"ALL CAPS IN DEFENSE OF LIBERTY IS NO VICE."

Wednesday, February 26, 2014

Scandal Threatens To Bring Down Islamist House of Erdogan - Erdogan Uses The Scandal As An Excuse To Make Turkey Even More Totalitarian


Remember, Erdogan is Obama's best friend.

From the New York Times:
... Turkey’s own political crisis, set off by a corruption scandal that has played out like a serial drama through the steady flow of leaked telephone conversations. The most sensational one was released Monday night, an apparently wiretapped conversation in which Prime Minister Recep Tayyip Erdogan, worried about an investigation closing in, is heard telling his son to get tens of millions of dollars out of the house.   
Mr. Erdogan’s office has dismissed this latest bombshell disclosure as a fabrication. But it has inevitably heightened the sense of crisis that has enveloped Turkey since the corruption scandal burst into public view in mid-December with a series of dawn raids on the homes and offices of associates of Mr. Erdogan. 
The crisis has damaged Turkey’s already troubled economy. The currency tumbled again on Tuesday while opposition lawmakers called — and not for the first time — for the government to step down, with one official saying Mr.
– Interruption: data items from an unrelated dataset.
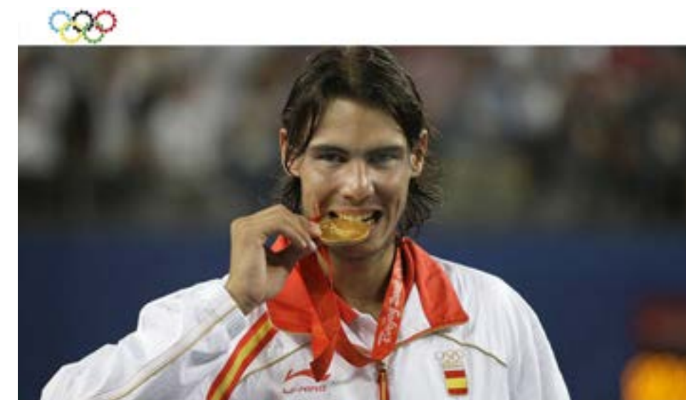
Esperit de lluita Rafa Nadal : "Sense patiment, no hi ha felicitat"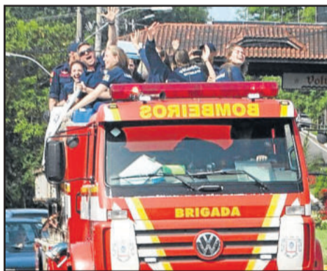
Em Estrela, comemoração com carreta no caminhão do Corpo de Bombeiros

“Foi uma competição muito difícil, pois se tratavam dos campeões de cada Estado e havia várias atletas de Seleção Brasileira em cada equipe. Só do Rio de Janeiro eram quatro”, salienta o técnico Rodrigo Rother. Outra dificuldade encarada pelas gaúchas é a bola, diferente da utilizada no Rio Grande do Sul, “o que atrapalha na adaptação. Fomos crescendo na competição e acabamos conseguindo jogar nosso melhor vôlei nos momentos mais importantes”, destaca.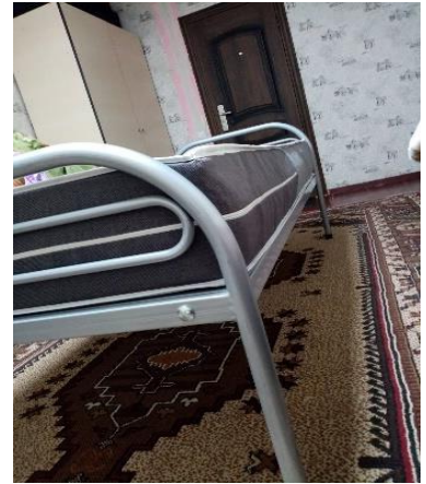
Foto: Un set de dormitor pentru elev/student cu un loc de dormire la 1900 mm x 750 mm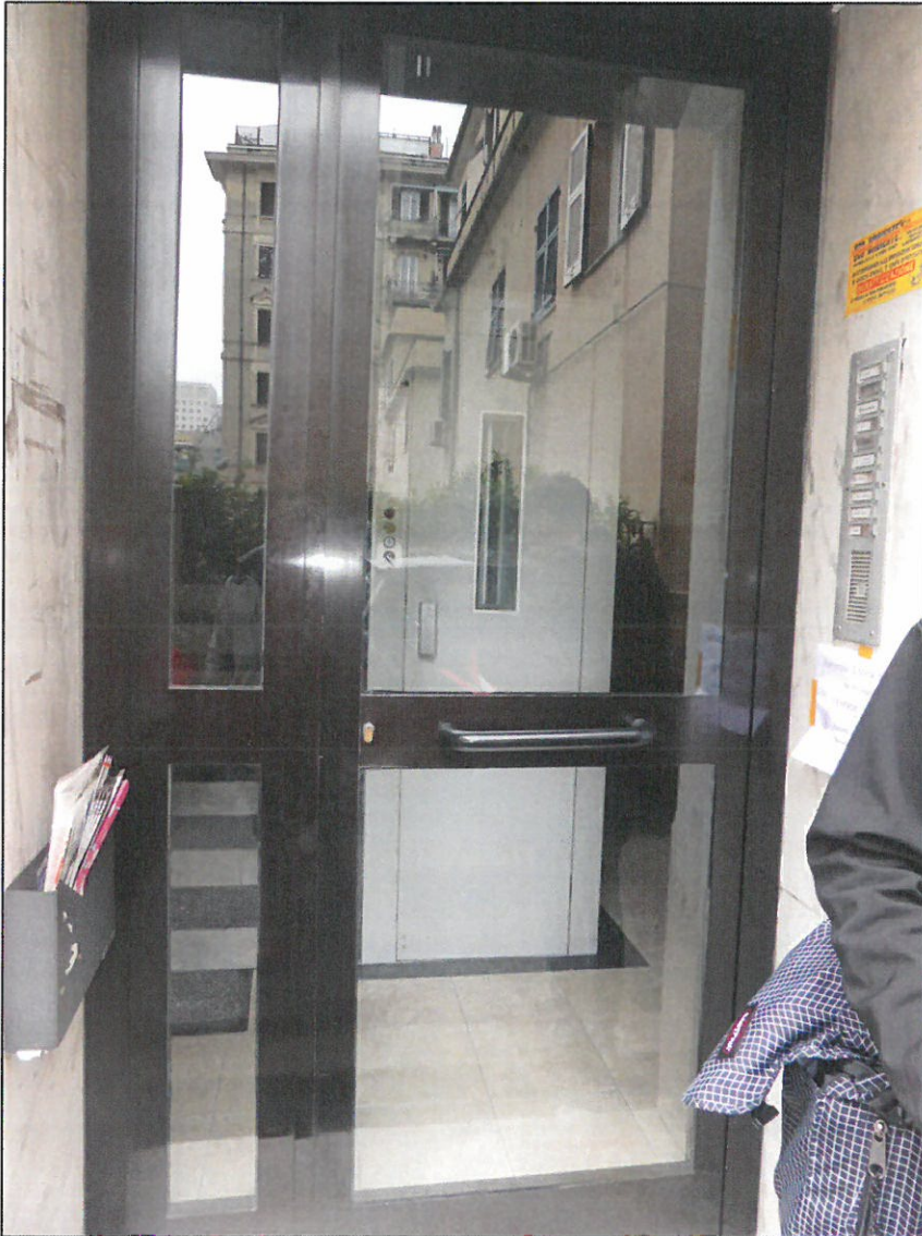
PORTONE D'INGRESSO AL CASEGGIATO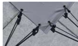
SAND : Cabiclics doubles embouts

Erdogan should either resign or flee the country “by helicopter.” 
For many Turks, the disclosures represented just the latest episode of a continuing, and opaque, national obsession, one that played out Monday night in predictable fashion. Social media went into overdrive — along with government censors, apparently, as the original leak suddenly became unavailable to many Internet users here — while the mainstream Turkish news media stayed largely silent. 
Mr. Erdogan did not stay silent, though. His office quickly released a statement saying, “Phone recordings published on the Internet that are alleged to be between Prime Minister Recep Tayyip Erdogan and his son are a product of an immoral montage that is completely false.” The statement promised that legal action would be taken. 
“Those who framed this dirty plot against the prime minister of the Turkish Republic will be held responsible within the law,” it said. 
Adding to the suspense, Mr. Erdogan went on to hold a late-night meeting with his spy chief and his interior minister. The Turkish public was left to wonder what would come next, given the aggressive steps the government had already taken to contain the crisis. 
So far Ankara has purged thousands of police officers and hundreds of prosecutors and passed new laws permitting censorship of the Internet and increasing government control over the judiciary — both of which have attracted widespread condemnation abroad.